2. It isn’t enough to buy things when prices are depressed. You need to see positive change coming.
It is a well-known axiom that money is made when people buy low, and sell high. It sounds wonderful, of course. But in practice, it is not always easy to implement this rule. Why? Because a lot of things are depressed. A lot of prices are low. And they may be low for a good reason. So it isn’t enough just to buy cheap things. You need a reason for believing that the prices are going to go up. If you bought stock in the US steel industry in recent decades, you would have seen things hardly move at all. Why? Because no positive change came along. Steel prices were low, and they stayed low, due to (among other things) intense competition from abroad.
Another way of saying this is that it’s not enough to be a contrarian. Everyone thinks he is a contrarian. You also have to be right. You have to see improvement coming down the road, in order to make a profit.
3. Never get greedy.
This is easier said than done. You would be surprised how often this rule is violated. And it will always be so. Because human nature never changes. People are never satisfied with a little success. They want more, and more, and more. So do not tempt Fate too much. If you’ve made a little money in something, consider yourself lucky. Be grateful to Fate, because things could just as easily have gone the other way. It comes down to gratitude. Those who are greedy get exactly what they deserve. Every time.
4. Get away from the herd. Don’t follow the financial press. If you do, see it as entertainment.
Herd mentality can be a terrible thing. It makes you do things you don’t want to do.

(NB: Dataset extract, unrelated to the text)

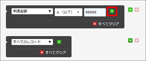 - 「申請金額」は「≧(以上)」「100,000」と入力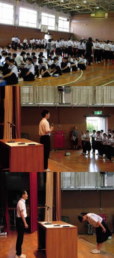 生徒会長の話では、第2回テストがおわり、3年生とって最後の大会となること。また現在ではお昼の放送で、生徒総会での質問に返答していることが話されました。そして今週魁ら生徒会によるあいさつ運動、ペットボトルキャップ回収、そして「鷹ギネス」がいよいよ始まることの話がありました。

It confines people into channels and valleys. Why? Because of fear. Men are inherently driven by fear and greed. They feel secure and affirmed when they see masses of other men doing what they are doing. They feel safe. The problem is that following the herd rarely results in your being successful. If you want to be successful, you have to separate yourself—physically, if needed—from other people. This takes a great deal of confidence that most people do not have. But it ensures that your instincts and judgments will not be contaminated or suppressed by the bad judgment and fear of others.
The financial press exists for entertainment, and as a collection of advertisements for large institutions. Little of value is presented to the average person. Watch it if you must, but see it as entertainment only. This rule also applies to the “money guys” on social media. Remember that old saying about looking around the room, and trying to find the “mark”? And that if you can’t find the mark, the mark is you? That’s a good rule of thumb. And it hasn’t changed since the days of the Mississippi riverboat gambling dens.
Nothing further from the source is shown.